As was the case with Lisa McPherson and many others.
Several, actually. See http://www.whyaretheydead.net/ for details.
According to the Bill of Rights, our right to keep and bear arms shall not be infringed, either. That hasn't exactly slowed down the Liberals or their RINO littermates.
"The fact that such a law was needed is frightening."
You can bet the teacher's union had it's grubby little hand in this. All they want is money, a job they can't be fired from or held accountable for, and for your kid to just sit there and watch the TV. If your kid makes a fuss, drug him/her into submission.
I think you are on the short list for a middle-of-the-night door-kicking visit from John Travolta.
I'm sure your right...the establishment of this cult is also extremely interesting....Being a Christian conservative... I would never step into teachings by the many cults throughout America and the world. Many have hooks not easily eliminated.
"The enemy of my enemy is my friend."
So if the Church of Scientology endorsed the Republican party you would vote Democrat? Why don't you try thinking on your own instead of letting your enemies decide what or who you support?
Our middle son was a "high maintenance" baby and was unhappy unless he was doing whatever big sister was doing. In kindergarten, he would spin around in his seat at school when he was done before everyone else and got bored. But his private school didn't punish - they asked if we would send some quiet things for him to do when he wasn't able to run outside right away. Now, he's a busy teen getting "A"s (except in English, just like his father) and playing plenty of sports. He is constantly tossing some kind of ball in the air everywhere he goes - getting on his mother's nerves occasionally. He loves baseball and we make him play all the rest. He doesn't like soccer or basketball but we insist he play anyway. After a few mumbles, as soon as a ball enters the field of play, he's all over it.

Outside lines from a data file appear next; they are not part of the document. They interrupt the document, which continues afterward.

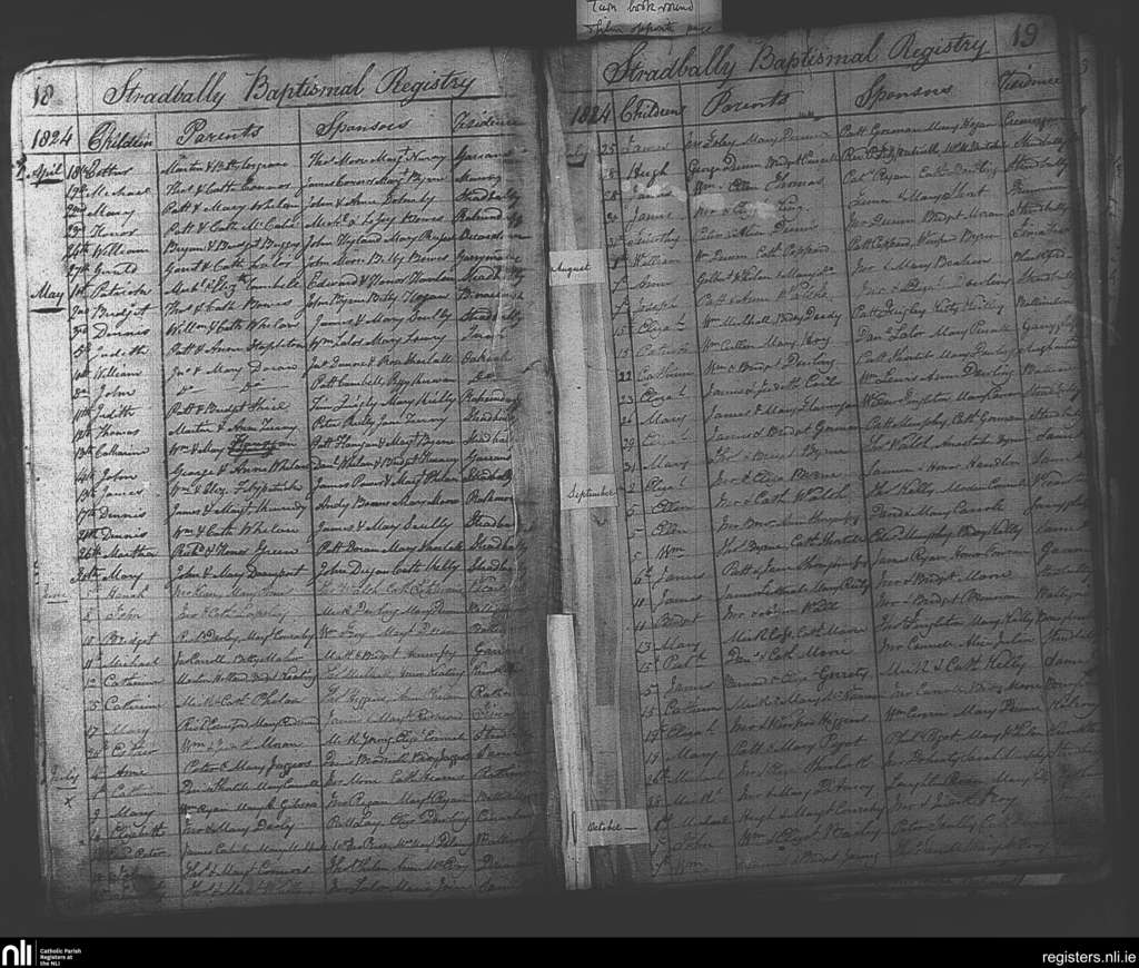 Stradbally; County of Laois; Diocese of Kildare and Leighlin. Baptisms, Apr. 1824 to Oct. 1824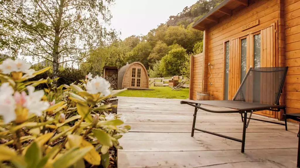 Dans le jardin, un sauna et un bain de Patagonie offrent une pause bien-être.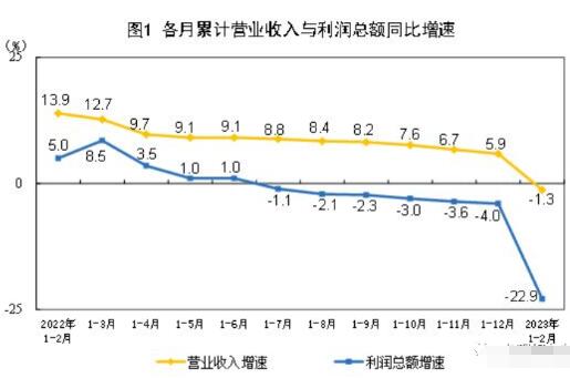 3月27日,國家統計局公布了2023年1-2月份全國規模以上工業企業利潤情況。數據顯示,全國規模以上工業企業在1-2月份共實現利潤總額8872.1億元,同比下降22.9%。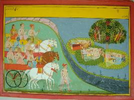 | Description / विवरण | Miniature painting based on Mahabharat - Vana parva depicting travelling of Pandavas with Draupadi to vana for 13 years exile. At the right part, they are shown leaving in chariot for van and a river is depicted in middle of painting. At the left part, Pandavas and Draupadi are shown steeping under tree inside forest their weapons are hanging on tree. |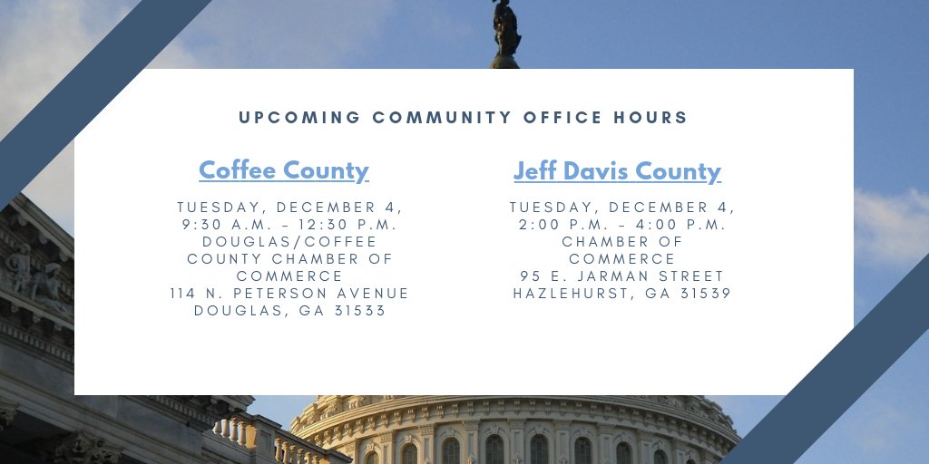 #GA12 REMINDER - Members of my staff will be kicking off December Community Office Hours tomorrow and will be available in Coffee and Jeff Davis counties. If you need assistance with a federal agency, I strongly encourage you to stop by! Full list here → https://bit.ly/2s0iFkN pic.twitter.com/y1sJ9xJPLv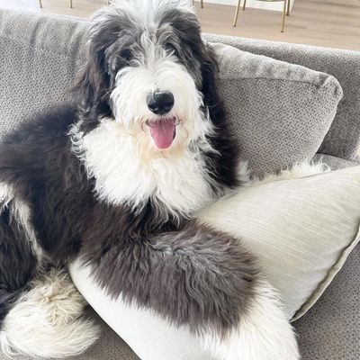 Sheepadoodles have hair and unlike fur, hair grows and grows and grows! You will want to contact a reputable groomer who has experience with doodles. The first 9 months to a year their coats are pretty manageable with some brushing, but once they get their adult coats the maintenance becomes a little more intense, especially if you love the long flowing hair. You will want to brush and comb daily and find a groomer who can manage all of that beautiful hair. Below are groomers that our families have used and love!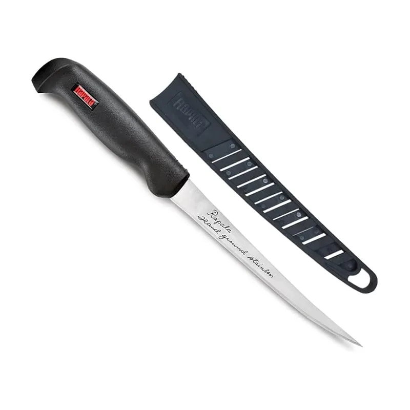 Fileteador Rapala Fish Camp. Hoja de acero inoxidable de 6\” afilada a mano. Mango de agarre cómodo de termoplástico moldeado en negro con protección para dedos integrada. Vaina abierta de polímero moldeado en negro, fácil de limpiar. Empaquetado para colgar.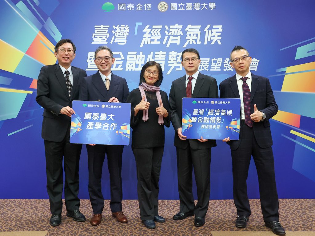 國泰金舉行第四季台灣經濟氣候暨金融情勢展望發表會,投資長程淑芬、國泰台大產學合作計畫主持人何耕宇、協同主持人徐之強皆出席。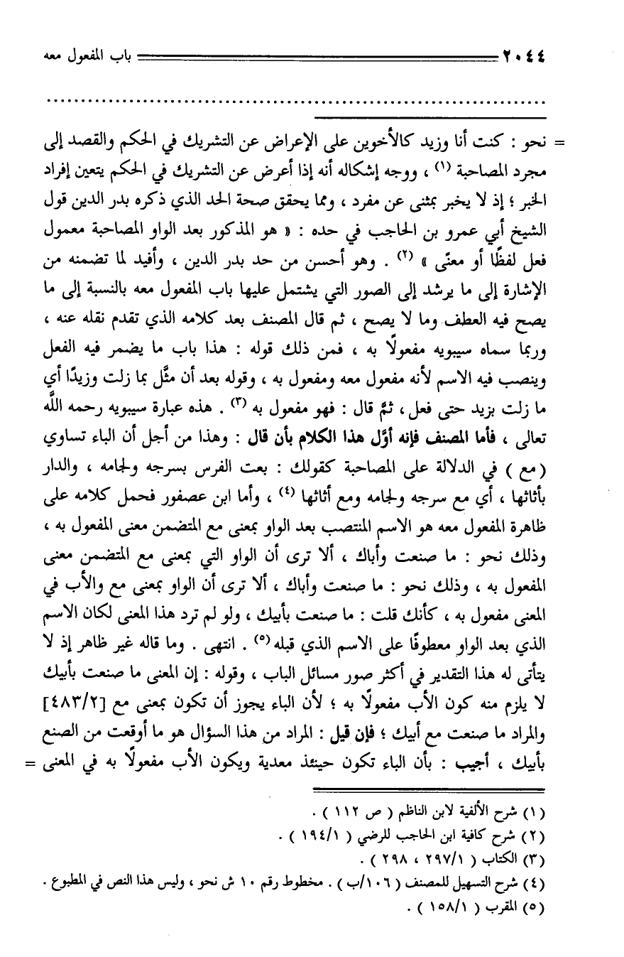 نحو: كنت أنا وزيد كالأخوين على الإعراض عن التشريك في الحكم والقصد إلى مجرد المصاحبة (¬1)، ووجه إشكاله أنه إذا أعرض عن التشريك في الحكم يتعين إفراد الخبر؛ إذ لا يخبر بمثنى عن مفرد، ومما يحقق صحة الحد الذي ذكره بدر الدين قول الشيخ أبي عمرو بن الحاجب في حده: «هو المذكور بعد الواو المصاحبة معمول فعل لفظا أو معنى» (¬2). وهو أحسن من حد بدر الدين، وأفيد لما تضمنه من الإشارة إلى ما يرشد إلى الصور التي يشتمل عليها باب المفعول معه بالنسبة إلى ما يصح فيه العطف وما لا يصح، ثم قال المصنف بعد كلامه الذي تقدم نقله عنه، وربما سماه سيبويه مفعولا به، فمن ذلك قوله: هذا باب ما يضمر فيه الفعل وينصب فيه الاسم لأنه مفعول معه ومفعول به، وقوله بعد أن مثّل بما زلت وزيدا أي ما زلت بزيد حتى فعل، ثمّ قال: فهو مفعول به (¬3). هذه عبارة سيبويه رحمه الله تعالى، فأما المصنف فإنه أوّل هذا الكلام بأن قال: وهذا من أجل أن الباء تساوي (مع) في الدلالة على المصاحبة كقولك: بعت الفرس بسرجه ولجامه، والدار بأثاثها، أي مع سرجه ولجامه ومع أثاثها (¬4)، وأما ابن عصفور فحمل كلامه على ظاهرة المفعول معه هو الاسم المنتصب بعد الواو بمعنى مع المتضمن معنى المفعول به، وذلك نحو: ما صنعت وأباك، ألا ترى أن الواو التي بمعنى مع المتضمن معنى المفعول به، وذلك نحو: ما صنعت وأباك، ألا ترى أن الواو بمعنى مع والأب في المعنى مفعول به، كأنك قلت: ما صنعت بأبيك، ولو لم ترد هذا المعنى لكان الاسم الذي بعد الواو معطوفا على الاسم الذي قبله (¬5). انتهى. وما قاله غير ظاهر إذ لا يتأتى له هذا التقدير في أكثر صور مسائل الباب، وقوله: إن المعنى ما صنعت بأبيك لا يلزم منه كون الأب مفعولا به؛ لأن الباء يجوز أن تكون بمعنى مع [2/ 483] والمراد ما صنعت مع أبيك؛ فإن قيل: المراد من هذا السؤال هو ما أوقعت من الصنع بأبيك، أجيب: بأن الباء تكون حينئذ معدية ويكون الأب مفعولا به في المعنى -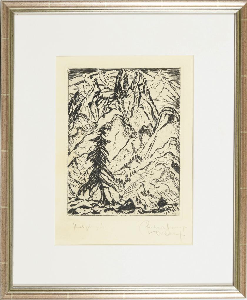 Expressive view of a mountainous, sparsely overgrown landscape with a few conifers, titled in pencil lower left.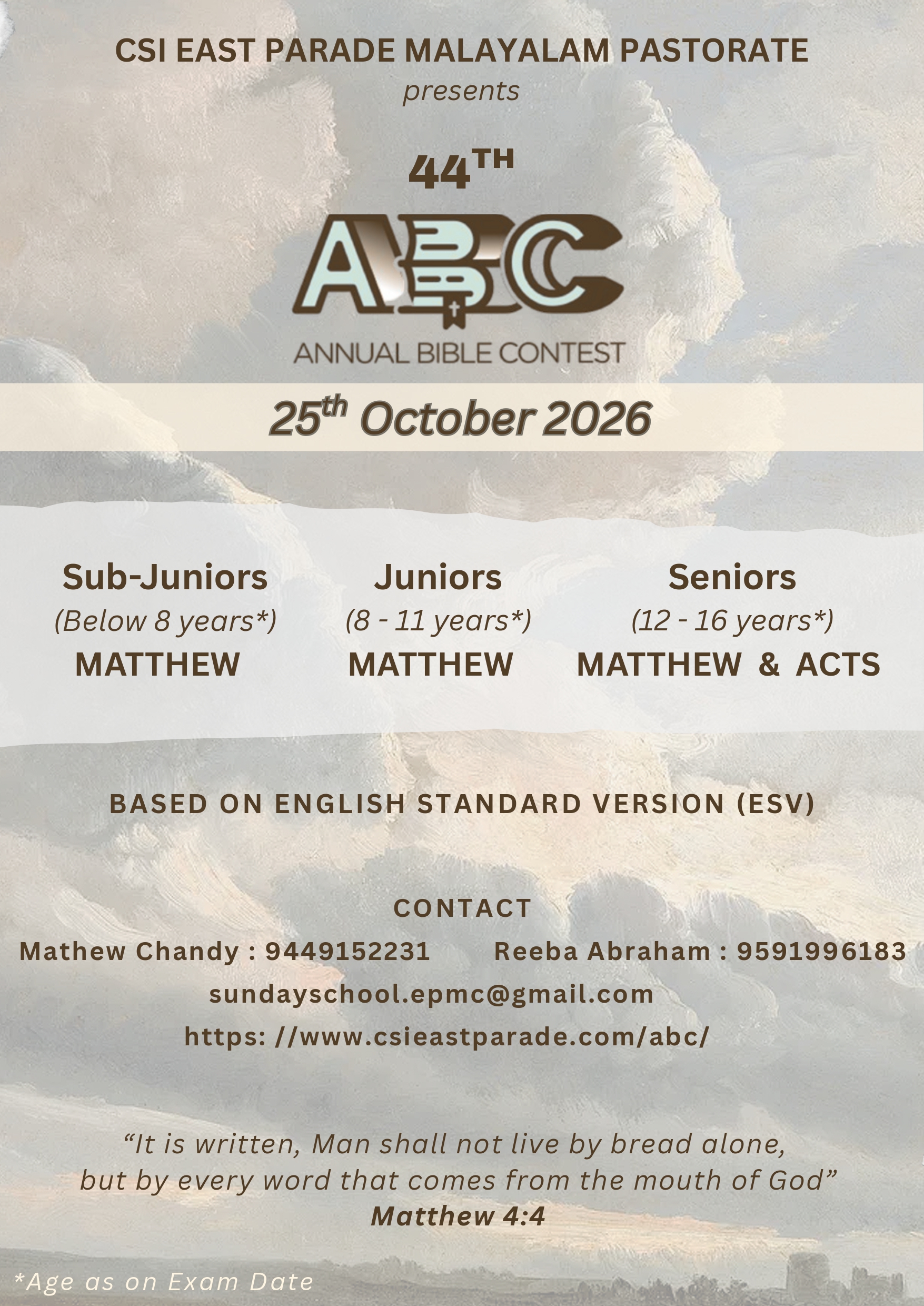 Held annually to encourage children to study Scripture with focus and discipline. The exam is based on selected portions announced in advance.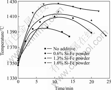 Fig.2 Curves of temperature change against time with Si-Fe as additive agent

It's a shame so many kids are not able to get outside and the ones who can are usually inside sitting around instead and are allowed to sit and eat processed carbs all afternoon.
I hate peeing in the cheerios, here, but this is pretty meaningless when we have the New Freedom Commission recomendations coupled with a federal bureaucracy like SAMSHA to implement those recommendations. This won't be mandatory, at first. Nothing will change except the funding in 2006, 2007, and on, and SAMSHA will grow in power. In ten years no one will remember the word "mandatory" just as parents now are forgetting the state cannot "force" their children on drugs. They can make life hell for you and intensely pressure if you refuse, but they can't force anything.
IF anything a power vacuum is created here and guess who gets to fill it? The best thing would be for the feds to get OUT of the schools altogether, but that will never happen. Once a federal program is enacted, no matter how small at first, it takes on a life of its own and becomes immortal.
JMO. I do applaud the CCHR for their efforts, though. And I hope to hell I am wrong.
However, what the schools do is refuse to allow the child to attend school unless they agree to take the drugs. Then, the parents are liable for not sending their children to compulsory education, unless they then homeschool them.
This is a good thing. Many borderline kids, especially boys, have been forced into ritalin or related drugs, just because the system didn't want to deal with kids being kids.
Now, my son needs them. He is clearly ADHD, and feels better about himself with them than without them (although we did take him off ritalin for a couple of years because the side effects weren't worth the results.)
But if a school system told me they were going to turn me over to the local child welfare people because I decided to take him off the meds, I would have been very, very angry and unhappy. It can be hard to find what works right when you have kids with these types of problems, and it shouldn't be something to be figured out between the school that wants to manage people and the children's welfare people. It should be something that the medical people and parents work out instead. And it often takes time, trial and error, and working with different strategies.
How dare the schools think that their desire to keep kids under wraps instead of letting them be kids gives them the right to play with powerful, sometimes addictive medications for their convenience!
I believe this was buried in the reauthorization of IDEA, the Individuals with Disabilities Education Act, which pays for a portion of Special Eduation in schools.
those are Christian scientists. I think it's a different sect altogether. They don't allow blood transfusions either.
My daughter in law was told that my grandson Andrew was ADD. She was furious with them because he could sit for hours at home and play quietly. The diagnosis didn't fit. He was too intelligent to sit in a classroom where the work was too simple. They put him in the library so he could read the encyclopedias. She got tired of it and home schooled him. He's very bright and is tops in his Bible Scripture learning team. I'm learning to hate public school and the crap that goes on with our most precious possessions.